§ **Directions for this task**
Your output should be the lines below from the one holding "Топ Croisiere от" through the one holding "I posted this", transcribed exactly, with no pictures.

§ **Items listed in a dataset**

+ + + + + + +

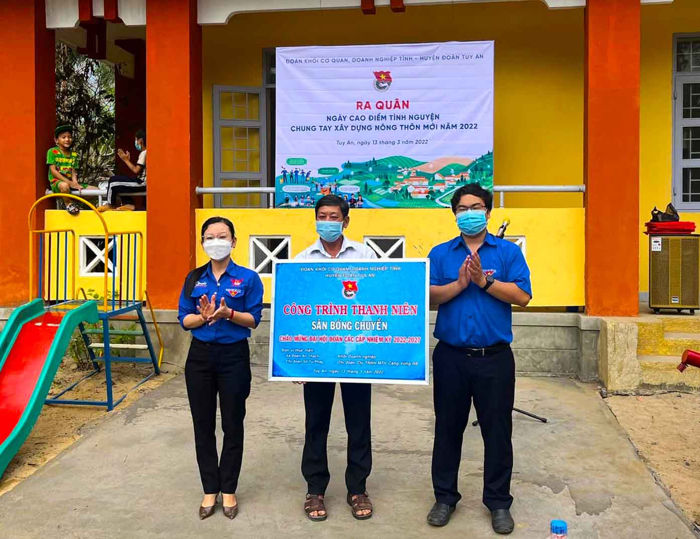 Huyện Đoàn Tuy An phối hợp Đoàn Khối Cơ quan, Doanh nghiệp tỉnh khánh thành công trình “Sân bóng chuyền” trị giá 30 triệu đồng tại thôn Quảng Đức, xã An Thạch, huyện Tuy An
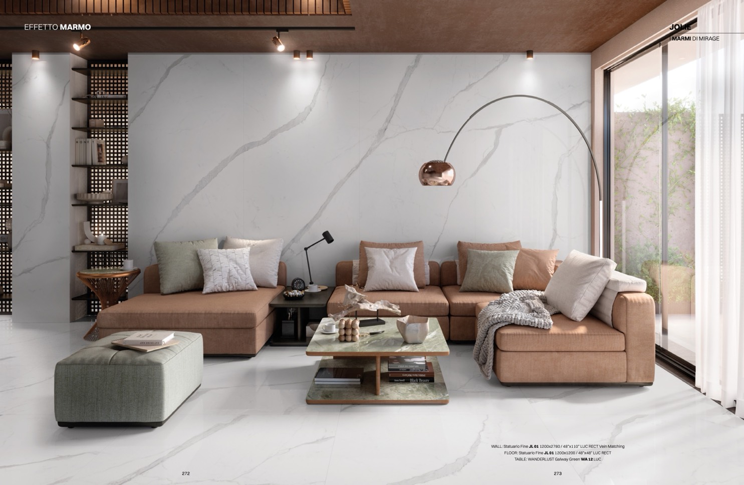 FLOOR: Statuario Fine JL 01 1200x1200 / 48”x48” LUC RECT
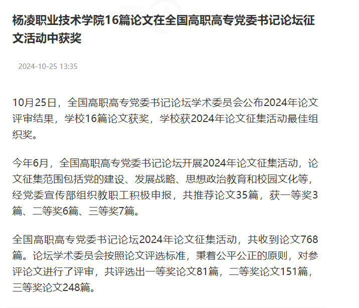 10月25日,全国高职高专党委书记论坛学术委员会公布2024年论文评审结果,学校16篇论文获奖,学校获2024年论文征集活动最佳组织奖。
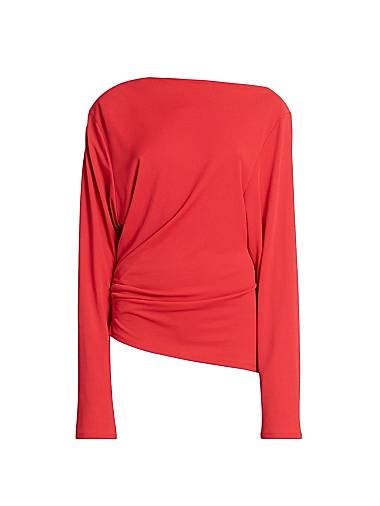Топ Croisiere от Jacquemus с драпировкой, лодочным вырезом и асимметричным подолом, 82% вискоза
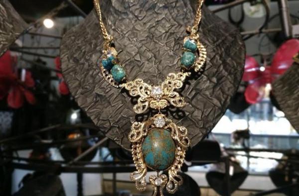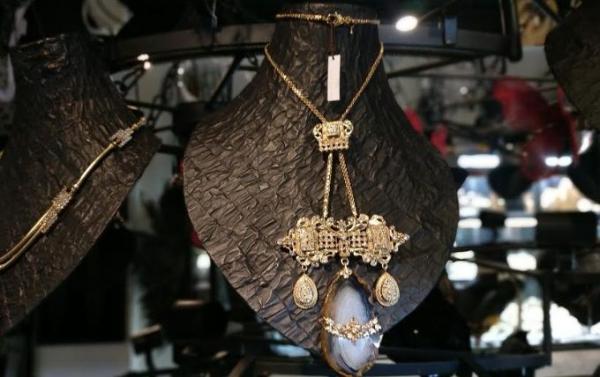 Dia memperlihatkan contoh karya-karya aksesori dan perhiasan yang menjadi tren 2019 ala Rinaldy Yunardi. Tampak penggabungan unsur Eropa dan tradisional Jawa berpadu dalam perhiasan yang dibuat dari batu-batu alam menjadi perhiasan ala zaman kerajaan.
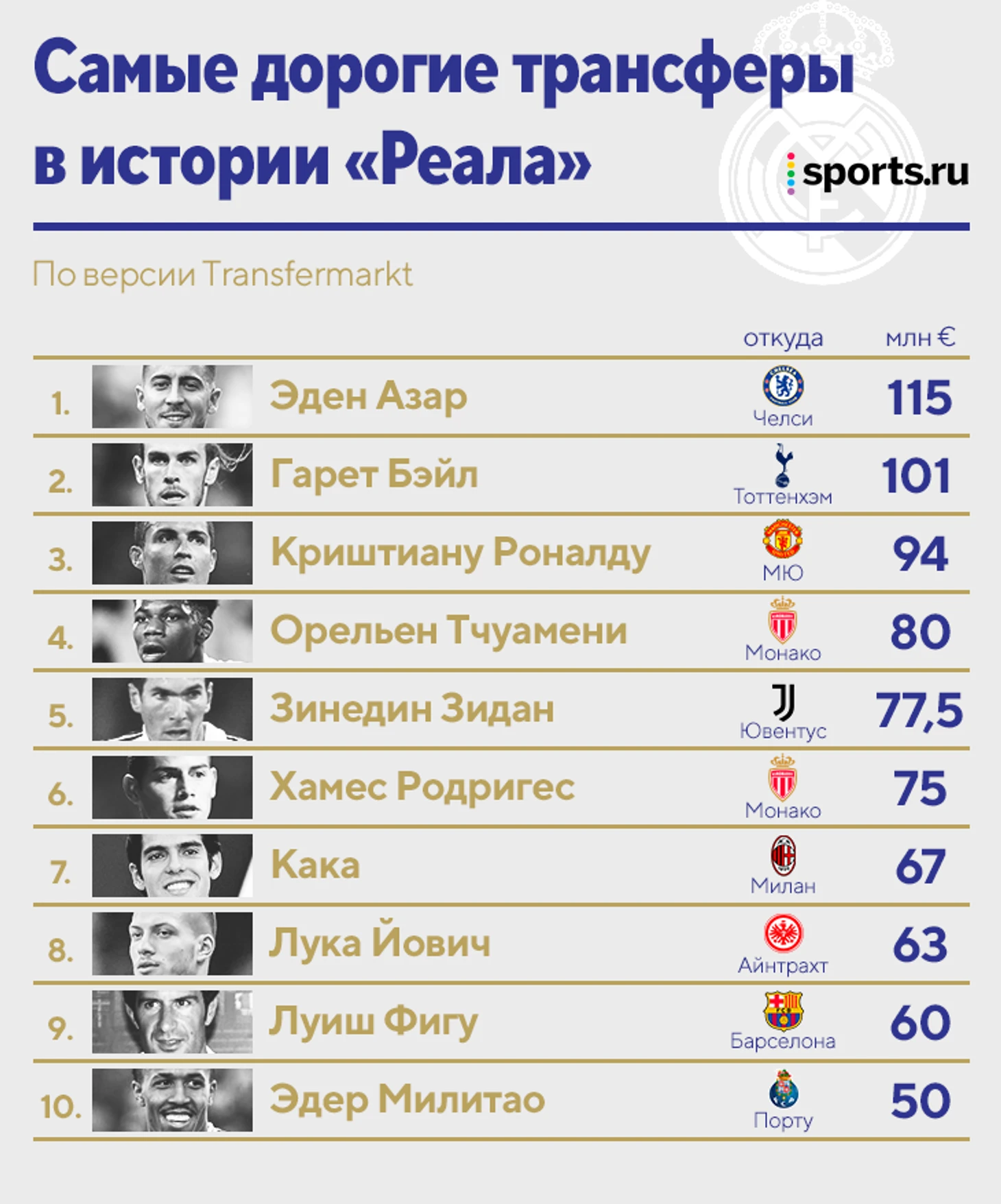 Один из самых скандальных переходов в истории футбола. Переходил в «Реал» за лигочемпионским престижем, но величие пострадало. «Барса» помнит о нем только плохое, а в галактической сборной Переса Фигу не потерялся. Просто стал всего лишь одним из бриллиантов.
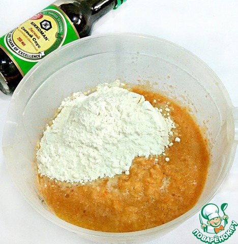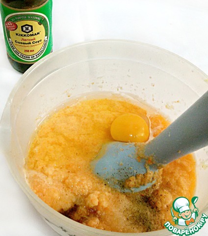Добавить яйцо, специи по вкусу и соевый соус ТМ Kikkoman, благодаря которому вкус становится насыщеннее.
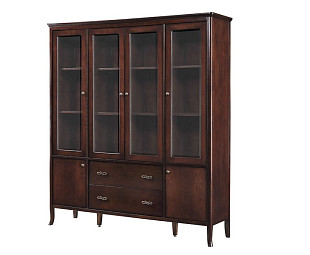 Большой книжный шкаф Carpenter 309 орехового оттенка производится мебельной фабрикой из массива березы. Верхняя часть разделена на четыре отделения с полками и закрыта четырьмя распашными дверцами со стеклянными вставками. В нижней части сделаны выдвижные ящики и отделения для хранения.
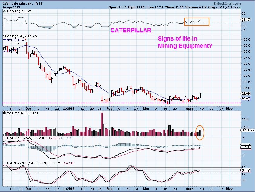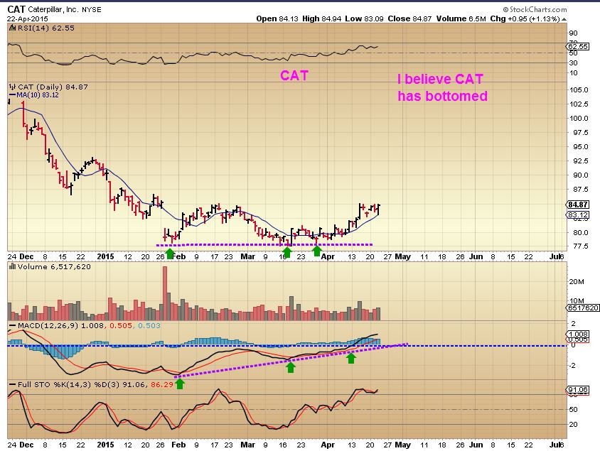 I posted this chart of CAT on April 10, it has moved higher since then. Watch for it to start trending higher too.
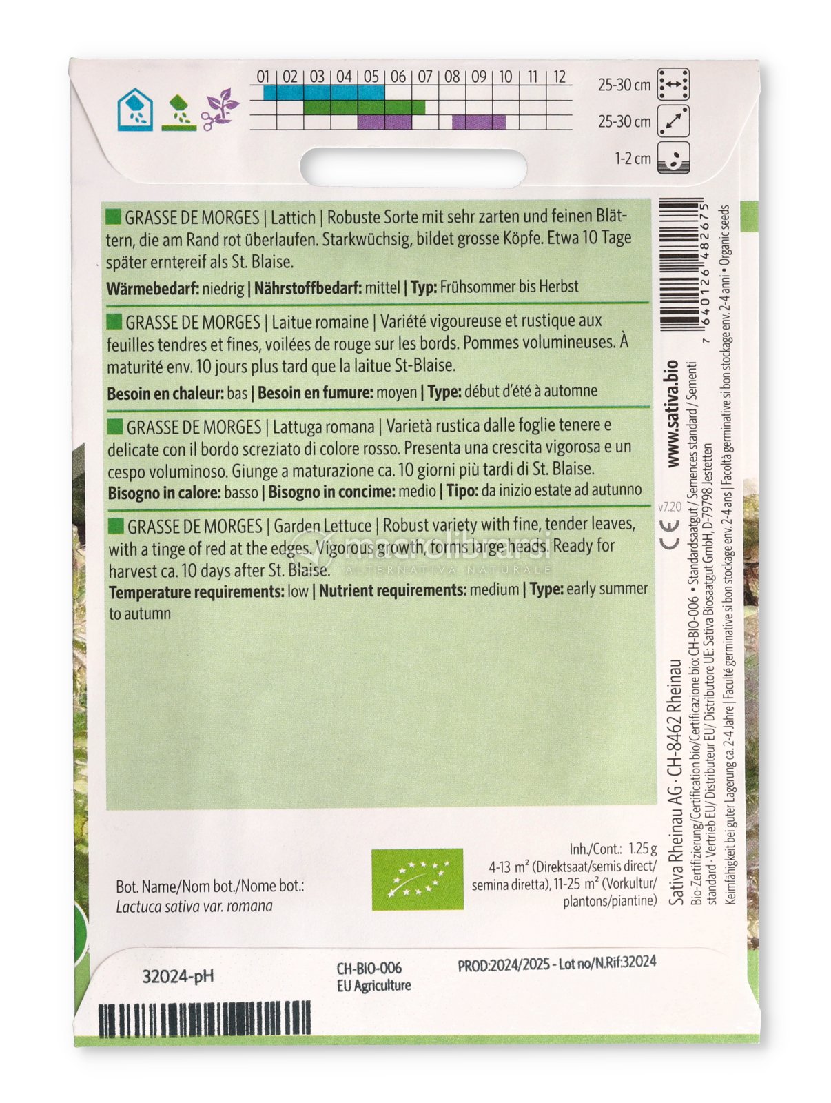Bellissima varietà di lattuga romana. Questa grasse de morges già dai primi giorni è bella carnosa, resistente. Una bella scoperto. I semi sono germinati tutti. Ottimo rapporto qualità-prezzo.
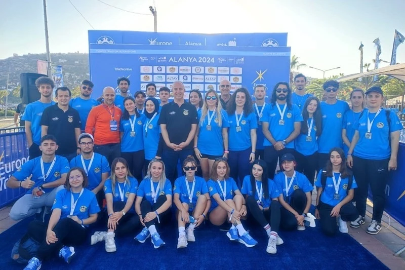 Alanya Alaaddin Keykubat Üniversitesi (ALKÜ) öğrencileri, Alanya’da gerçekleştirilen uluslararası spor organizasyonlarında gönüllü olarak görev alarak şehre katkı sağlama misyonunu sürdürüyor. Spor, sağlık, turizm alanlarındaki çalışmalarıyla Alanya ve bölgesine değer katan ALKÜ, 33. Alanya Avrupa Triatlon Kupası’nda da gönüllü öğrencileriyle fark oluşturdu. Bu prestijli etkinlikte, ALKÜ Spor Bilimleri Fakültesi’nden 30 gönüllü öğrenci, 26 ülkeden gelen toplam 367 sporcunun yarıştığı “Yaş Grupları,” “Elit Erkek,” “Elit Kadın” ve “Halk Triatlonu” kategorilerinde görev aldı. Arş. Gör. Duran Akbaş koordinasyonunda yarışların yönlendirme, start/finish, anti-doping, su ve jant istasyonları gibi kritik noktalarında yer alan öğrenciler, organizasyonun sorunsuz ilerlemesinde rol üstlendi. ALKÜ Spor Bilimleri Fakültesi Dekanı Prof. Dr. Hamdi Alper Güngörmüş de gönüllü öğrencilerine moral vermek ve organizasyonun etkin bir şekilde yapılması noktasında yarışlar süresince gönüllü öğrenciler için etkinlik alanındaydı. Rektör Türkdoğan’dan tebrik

+ + + + + + +

§ **Output for this task**
Топ Croisiere от Jacquemus с драпировкой, лодочным вырезом и асимметричным подолом, 82% вискоза
 Dia memperlihatkan contoh karya-karya aksesori dan perhiasan yang menjadi tren 2019 ala Rinaldy Yunardi. Tampak penggabungan unsur Eropa dan tradisional Jawa berpadu dalam perhiasan yang dibuat dari batu-batu alam menjadi perhiasan ala zaman kerajaan.
 Один из самых скандальных переходов в истории футбола. Переходил в «Реал» за лигочемпионским престижем, но величие пострадало. «Барса» помнит о нем только плохое, а в галактической сборной Переса Фигу не потерялся. Просто стал всего лишь одним из бриллиантов.
Добавить яйцо, специи по вкусу и соевый соус ТМ Kikkoman, благодаря которому вкус становится насыщеннее.
 Большой книжный шкаф Carpenter 309 орехового оттенка производится мебельной фабрикой из массива березы. Верхняя часть разделена на четыре отделения с полками и закрыта четырьмя распашными дверцами со стеклянными вставками. В нижней части сделаны выдвижные ящики и отделения для хранения.
 I posted this chart of CAT on April 10, it has moved higher since then. Watch for it to start trending higher too.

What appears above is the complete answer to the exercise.